Copy out exactly, from the entries that follow, the line holding "Cooks Professional 5-Piece", the line holding "The Coachman Laser", and all lines between them, but no pictures.

(Information shown)

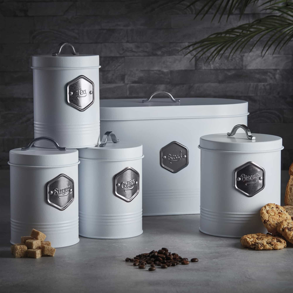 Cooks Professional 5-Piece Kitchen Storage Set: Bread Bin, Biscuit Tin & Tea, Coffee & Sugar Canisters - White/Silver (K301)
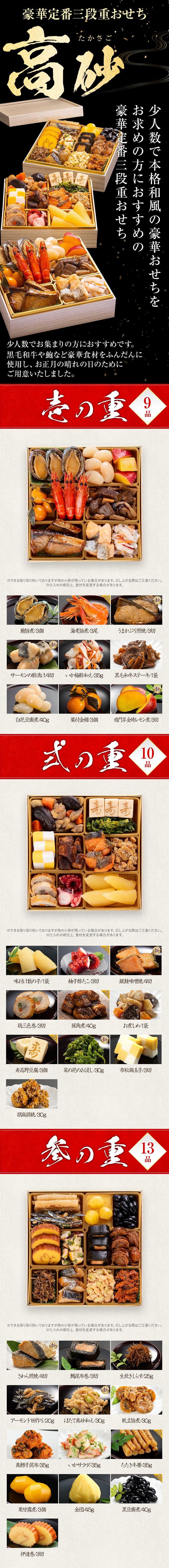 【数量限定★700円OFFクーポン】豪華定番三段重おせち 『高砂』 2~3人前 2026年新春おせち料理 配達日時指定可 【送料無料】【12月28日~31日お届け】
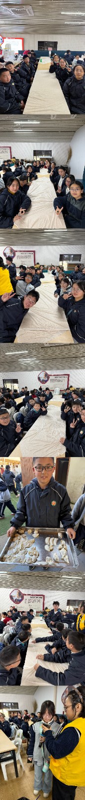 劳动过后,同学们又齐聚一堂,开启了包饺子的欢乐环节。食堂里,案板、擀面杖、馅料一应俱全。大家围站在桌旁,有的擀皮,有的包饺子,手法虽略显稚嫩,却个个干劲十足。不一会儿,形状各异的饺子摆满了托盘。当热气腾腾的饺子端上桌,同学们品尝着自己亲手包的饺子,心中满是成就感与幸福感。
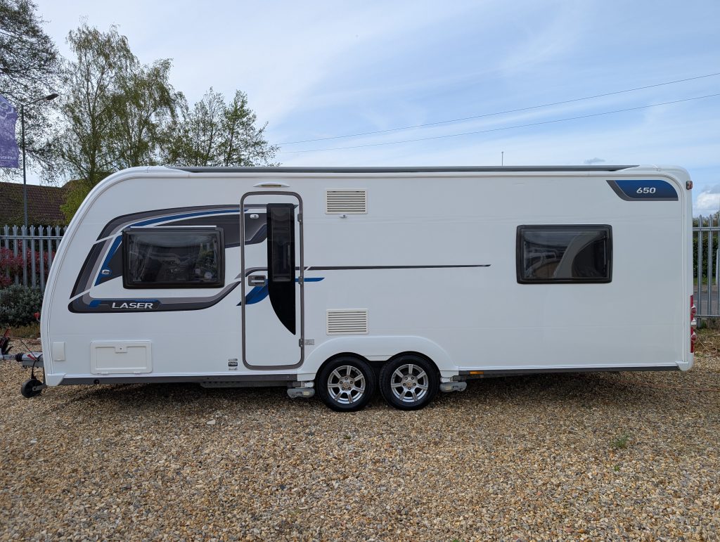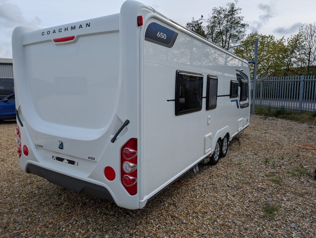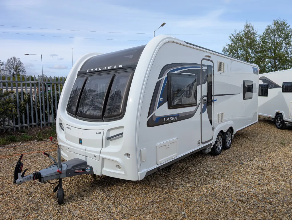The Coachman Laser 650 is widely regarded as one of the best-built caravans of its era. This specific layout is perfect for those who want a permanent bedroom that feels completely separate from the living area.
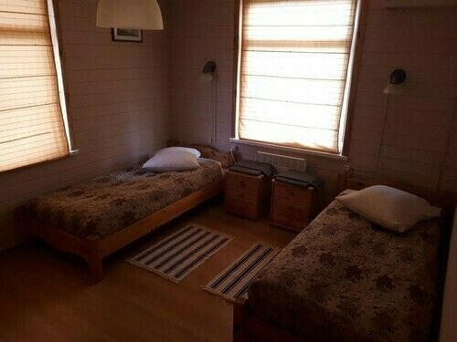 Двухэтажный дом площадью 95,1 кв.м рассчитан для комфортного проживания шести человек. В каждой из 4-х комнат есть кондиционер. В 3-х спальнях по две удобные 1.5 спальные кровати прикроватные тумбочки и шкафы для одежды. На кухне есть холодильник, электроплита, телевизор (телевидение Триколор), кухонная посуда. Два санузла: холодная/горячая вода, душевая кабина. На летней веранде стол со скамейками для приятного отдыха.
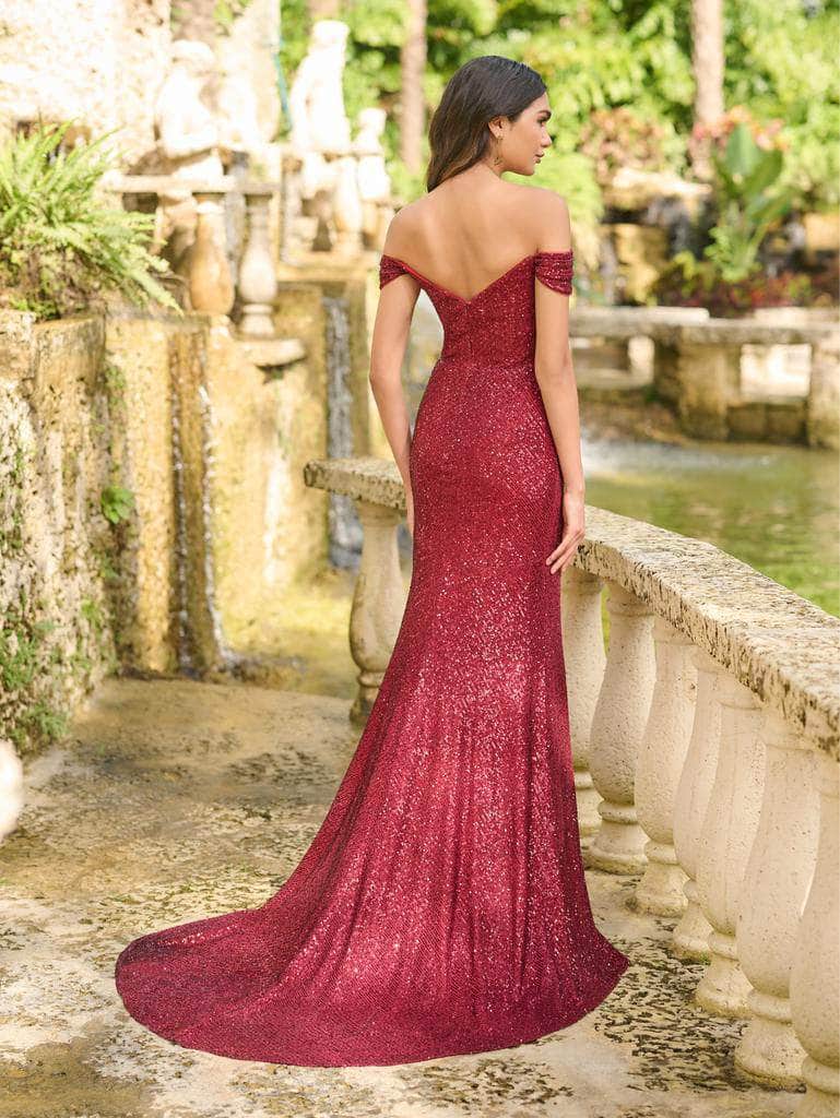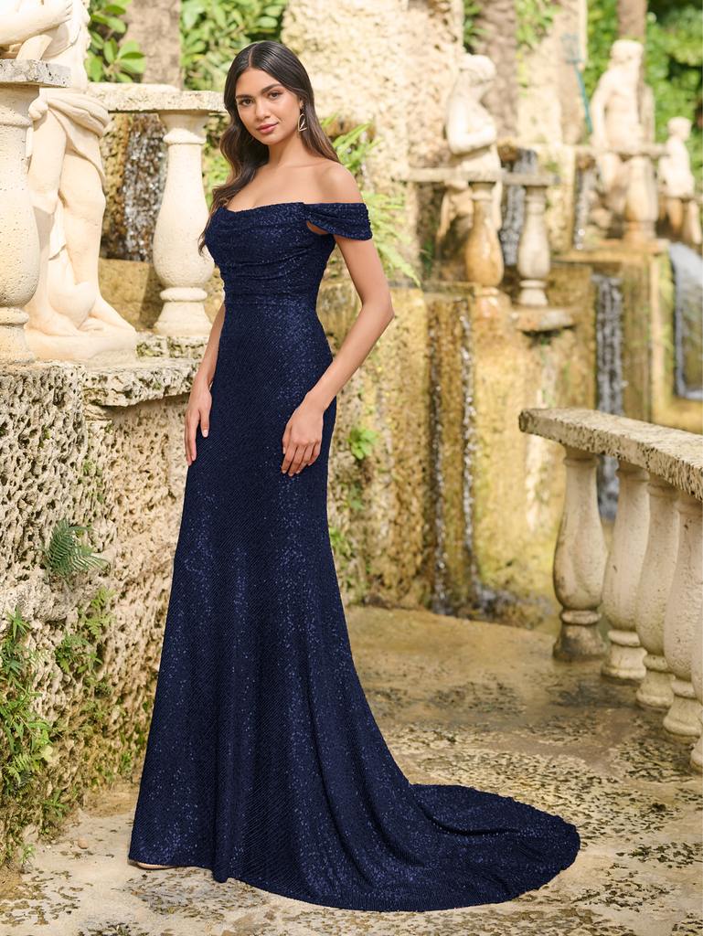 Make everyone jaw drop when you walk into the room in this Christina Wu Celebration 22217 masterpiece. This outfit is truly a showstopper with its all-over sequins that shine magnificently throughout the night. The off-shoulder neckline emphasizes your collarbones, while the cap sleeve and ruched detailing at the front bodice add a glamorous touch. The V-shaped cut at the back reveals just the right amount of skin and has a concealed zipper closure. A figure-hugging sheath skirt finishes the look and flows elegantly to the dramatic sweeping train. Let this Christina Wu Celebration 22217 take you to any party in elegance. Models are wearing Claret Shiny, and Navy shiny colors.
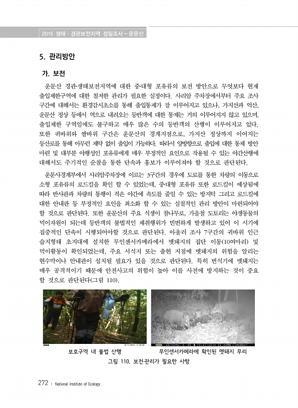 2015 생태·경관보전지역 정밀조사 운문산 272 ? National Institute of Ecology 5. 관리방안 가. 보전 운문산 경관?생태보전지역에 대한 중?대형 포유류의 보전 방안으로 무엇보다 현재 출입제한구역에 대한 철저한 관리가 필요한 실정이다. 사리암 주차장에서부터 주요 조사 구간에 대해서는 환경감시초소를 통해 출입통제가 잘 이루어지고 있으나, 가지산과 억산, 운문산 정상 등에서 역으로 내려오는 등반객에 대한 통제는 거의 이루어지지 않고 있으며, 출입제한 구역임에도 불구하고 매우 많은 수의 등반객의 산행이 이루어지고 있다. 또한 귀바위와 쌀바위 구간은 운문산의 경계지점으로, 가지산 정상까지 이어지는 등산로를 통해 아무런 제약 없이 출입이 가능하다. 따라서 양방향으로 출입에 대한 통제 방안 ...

(End Information shown)
(Information shown)

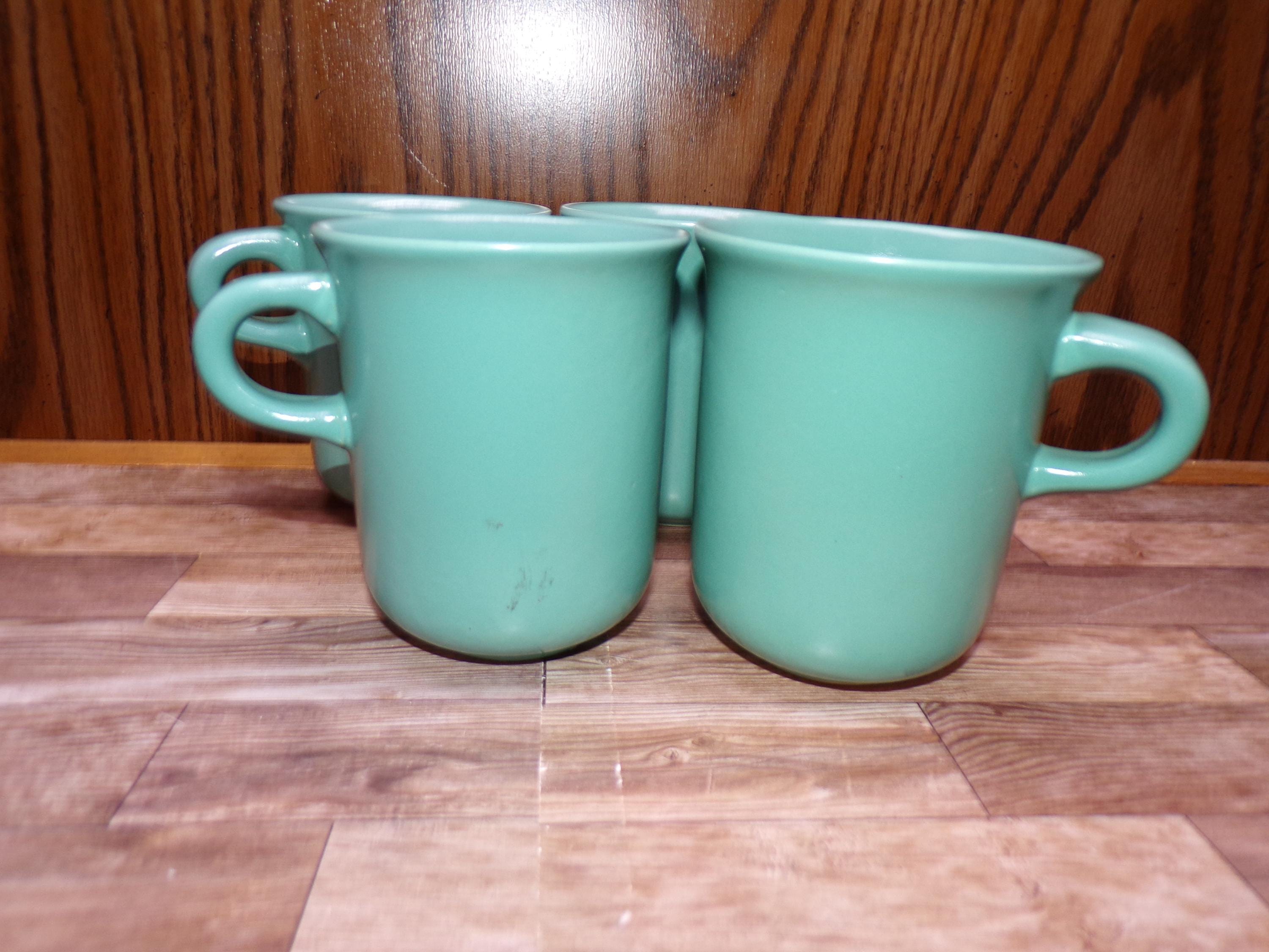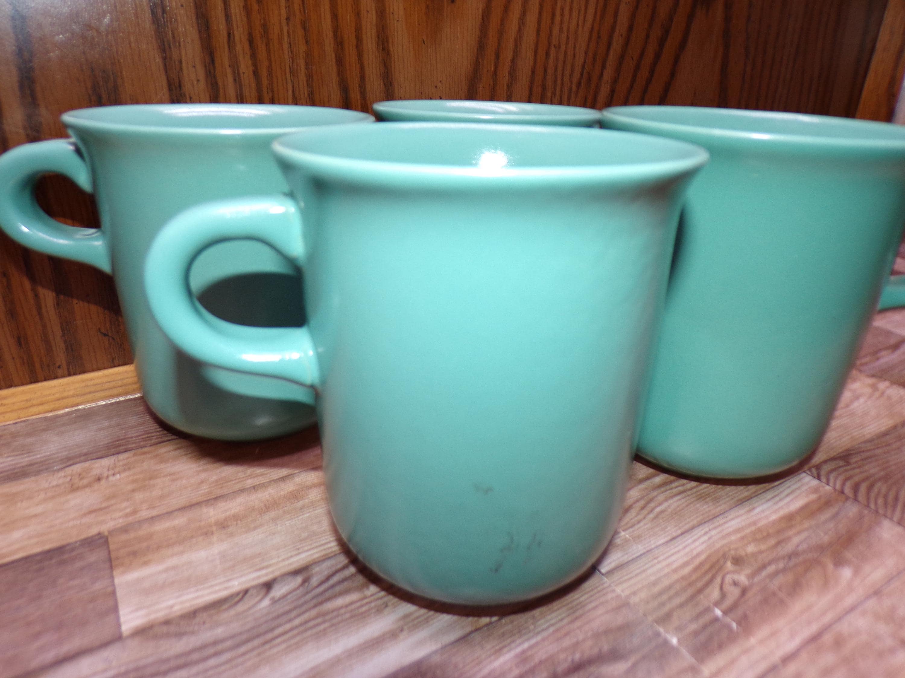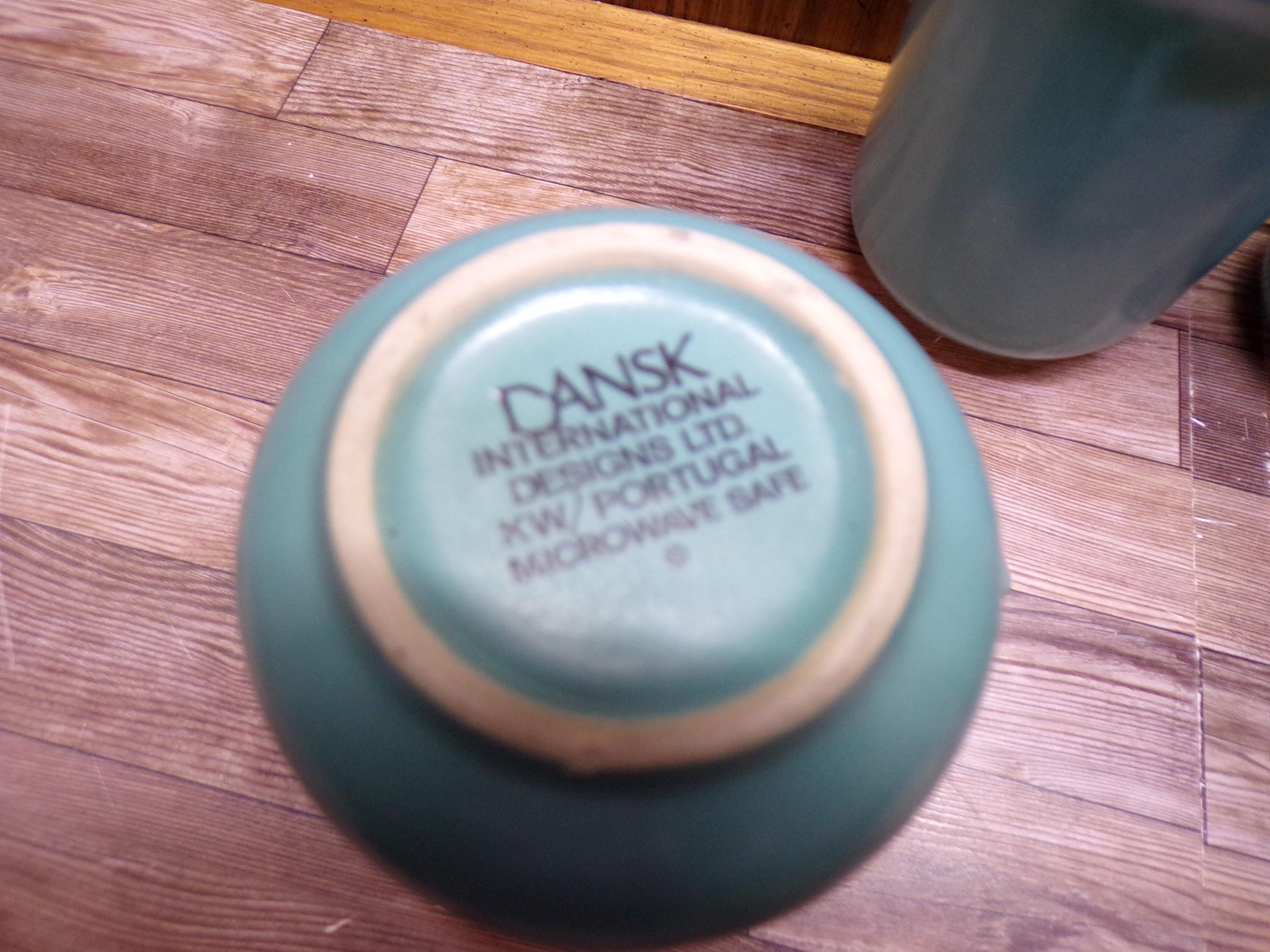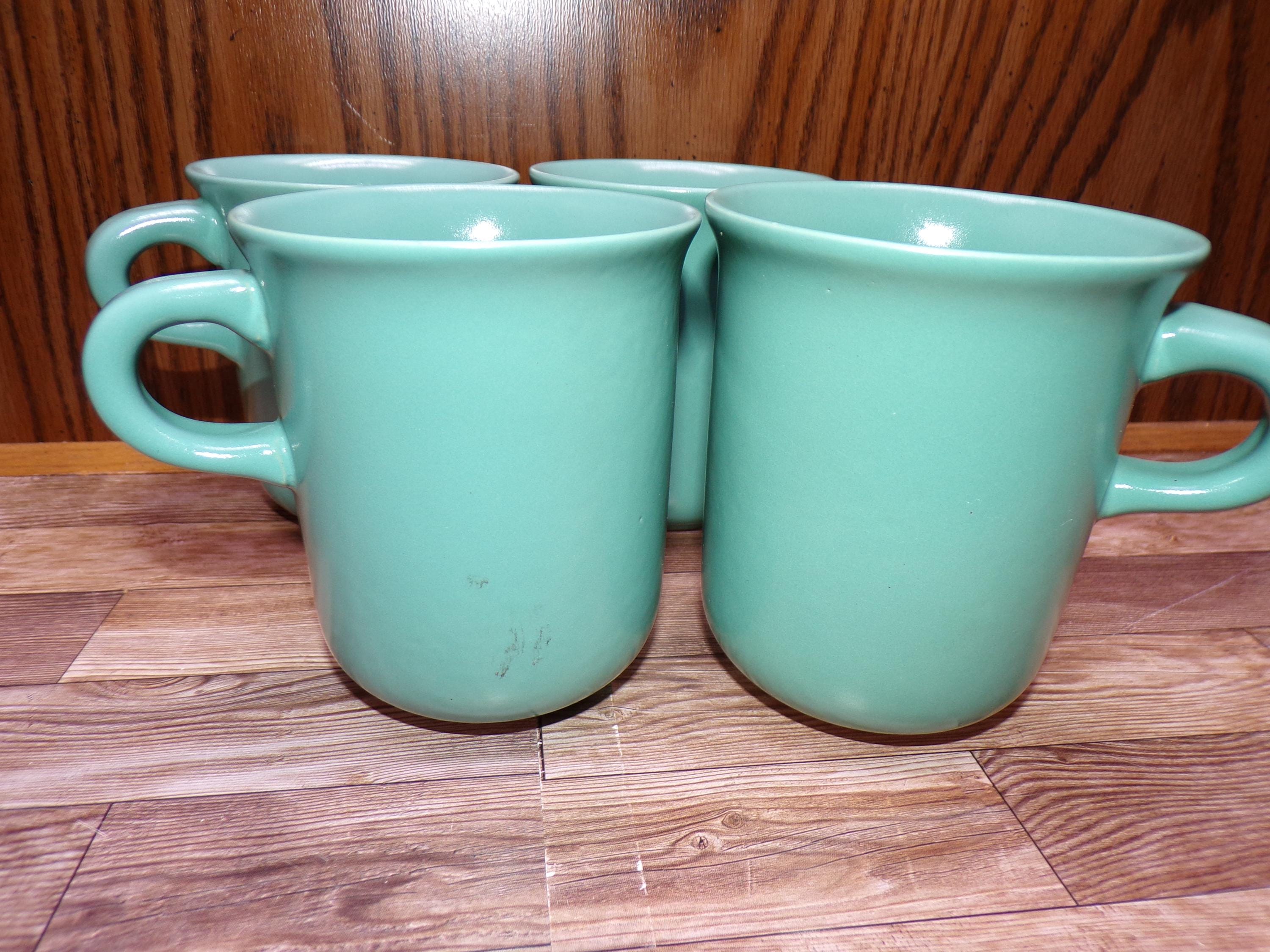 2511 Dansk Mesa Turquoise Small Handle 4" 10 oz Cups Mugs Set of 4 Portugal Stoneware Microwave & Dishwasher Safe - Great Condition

(End Information shown)

- _Result below_:
 Cooks Professional 5-Piece Kitchen Storage Set: Bread Bin, Biscuit Tin & Tea, Coffee & Sugar Canisters - White/Silver (K301)
 【数量限定★700円OFFクーポン】豪華定番三段重おせち 『高砂』 2~3人前 2026年新春おせち料理 配達日時指定可 【送料無料】【12月28日~31日お届け】
 劳动过后,同学们又齐聚一堂,开启了包饺子的欢乐环节。食堂里,案板、擀面杖、馅料一应俱全。大家围站在桌旁,有的擀皮,有的包饺子,手法虽略显稚嫩,却个个干劲十足。不一会儿,形状各异的饺子摆满了托盘。当热气腾腾的饺子端上桌,同学们品尝着自己亲手包的饺子,心中满是成就感与幸福感。
The Coachman Laser 650 is widely regarded as one of the best-built caravans of its era. This specific layout is perfect for those who want a permanent bedroom that feels completely separate from the living area.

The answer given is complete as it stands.